CLASSIC DOCTOR WHO ON BRITBOX – The Creature from the Pit

Doctor Who The Creature from the Pit

On 26th December 2019, 627 pieces of Classic Doctor Who content were made available to Britbox subscribers. Every Sunday in 2020, our Doctor Who expert, Tony Cross, looks back at some of the classic stories. Here is the Fourth Doctor adventure The Creature from the Pit...

The Creature From The Pit is odd. I enjoyed watching it but there are moments when the BBC budgets and borderline silliness make it a bit awkward. In particular we have the Erato problem, but more on that later.

The Doctor and Romana II land on Chloris, a planet where metal is scarce. The Lady Adrasta rules with the aid of wolf weeds and there is a mysterious creature in a pit with whom it will turn out Lady Adrasta has previous. The Doctor gets dragged into things, as is his wont and Chloris will never be the same again.

It just about works because all the actors involved treat it with the requisite levels of seriousness. Even the chaps playing the Monty Pythonesque comic relief bandits don't go over the top. They're clearly escapees from a totally different television series but their presence, whilst mildly irritating isn't crippling.

Credit to Tom Baker who is often criticized for 'silliness' but who manages to play his scenes with Erato as if he were dealing with a real alien creature rather than a giant glowing green testicle monster with an unfortunately phallic protuberance made out of weather balloons, wood and green paint. There is no way of getting around the fact that Erato is one of the series least impressive creations, at least when interacting with the cast. Nothing the director or cast does can distract from its glowing green bollocky nature I'm afraid.
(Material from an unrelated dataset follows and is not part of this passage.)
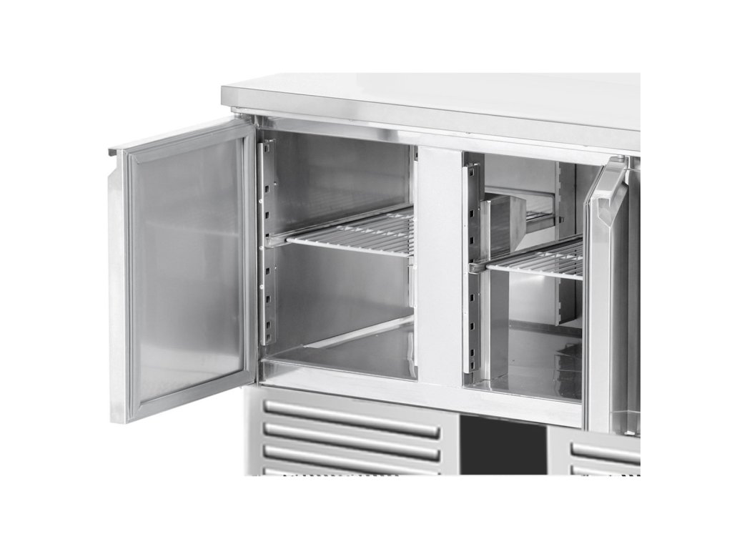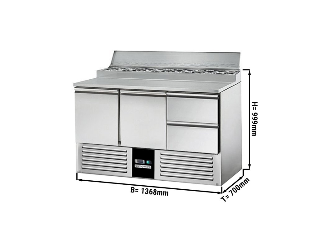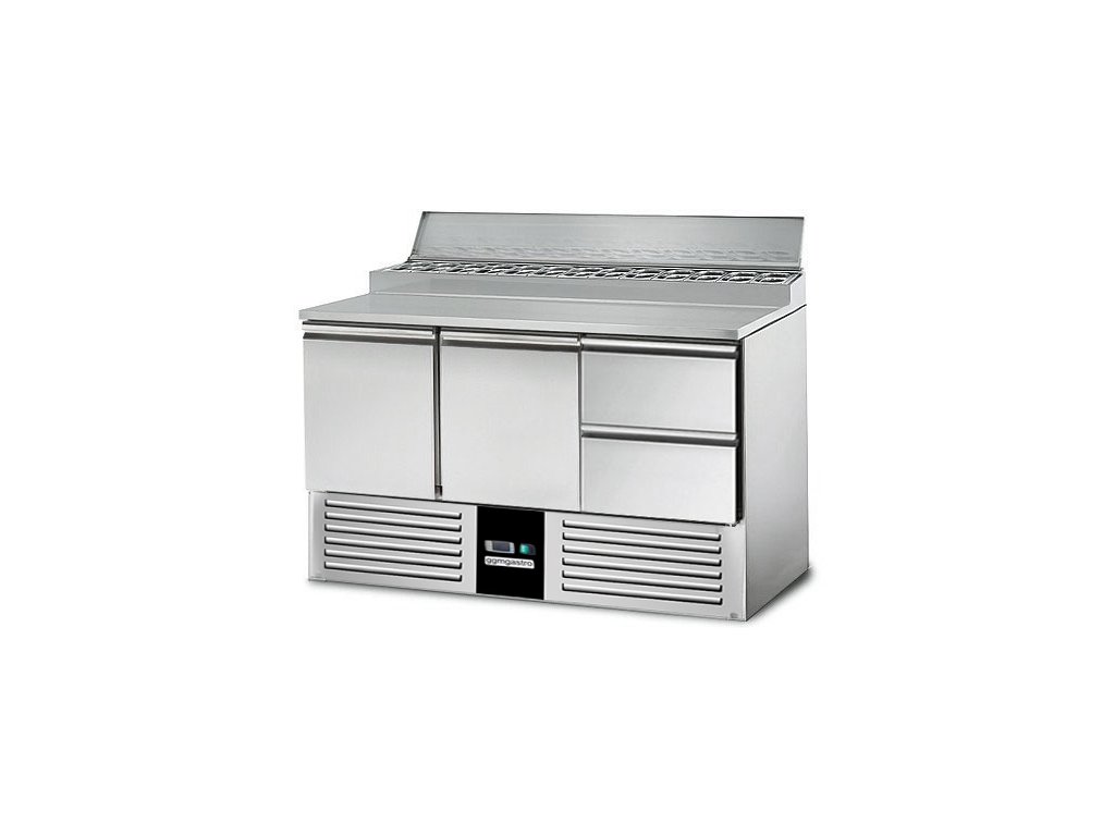 Stół przygotowawczy Mini PREMIUM - 1370 mm - dla 8x GN 1/6 - 2 drzwi i 2 szuflady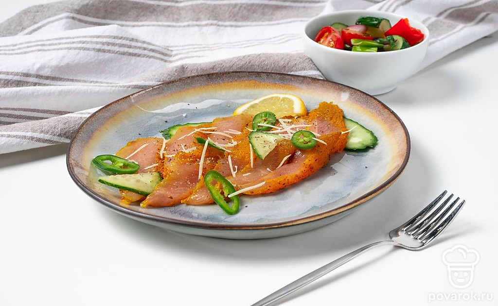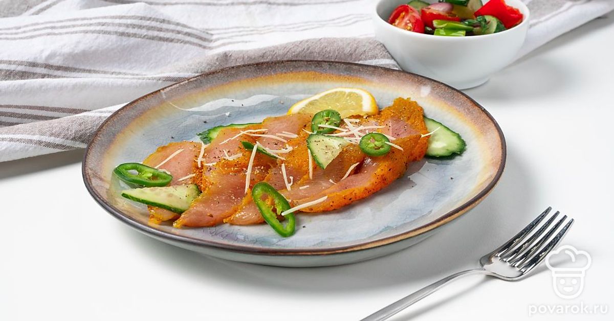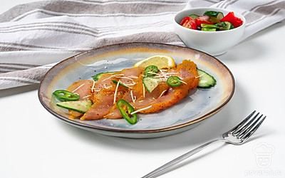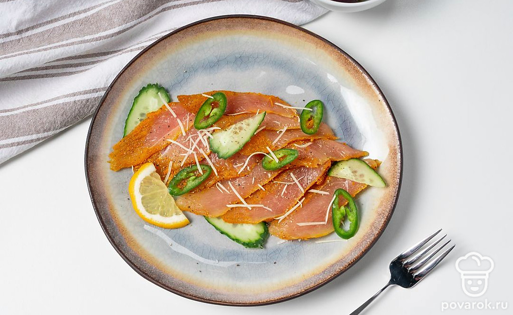 Карпаччо — национальное итальянское блюдо, которое изначально представляло собой тонкие слайсы говяжьей вырезки, но сегодня его также готовят из курицы, индейки. Нарезку приправляют оливковым маслом и лимонным соком. Это блюдо получило широкое распространение и приобрело популярность во всем мире. Закуска названа в честь художника Витторе Карпаччо. Графиня Амалия Нани Мочениго, для которой приготовили это блюдо, увидела в нем сходство с картинами этого художника.

Erato and the comedy bandits are the stories negatives, alongside the sudden switch of the Huntsman (David Telfer) from a bad guy to a good guy. This is the man in charge of the wolf weeds, which are rolling balls of vegetation used to hunt and capture Adastra's enemies. A man who we can assume has been responsible for one or two moments of "unpleasantness" in his time but with whom the Doctor seems happy to treat as an ally at the end. It just feels a little wrong.

However, there are many positives that include a lovely script featuring two of my favorite Doctor Who lines ever (although the final episode features large amounts of technobabble and a chunk of padding).

There is a wonderfully judged performance from Geoffrey Bayldon as the astrologer Organon, which would be worth the entry price alone.

Myra Frances makes Lady Adastra a villainess with a crisp, cold bite and Eileen Way gives her excellent support as her right-hand woman Karela. Frances is particularly good as Adrasta starts to unravel a bit as her plans start to fall apart and her interactions with K9 are priceless.

Eileen Way appeared in the first Doctor Who story ever as 'Old Mother'. Here she is sixteen years later having hardly appeared to age. It's uncanny, but I digress.

Lalla Ward doesn't get a great deal to do in this story but does what she needs to do well, although she does seem to have come dressed for a wedding.

In the end this is an enjoyable enough story that teeters on the brink of silliness but just about stays on the right side of it helped mainly by a cast that doesn't let the ridiculousness of what they're doing affect their performance. There are worse stories in Doctor Who but not many worse-looking monsters. 

Tony Cross is the creator of the wonderful Centurion Blog's found HERE and HERE.

Image – BBC.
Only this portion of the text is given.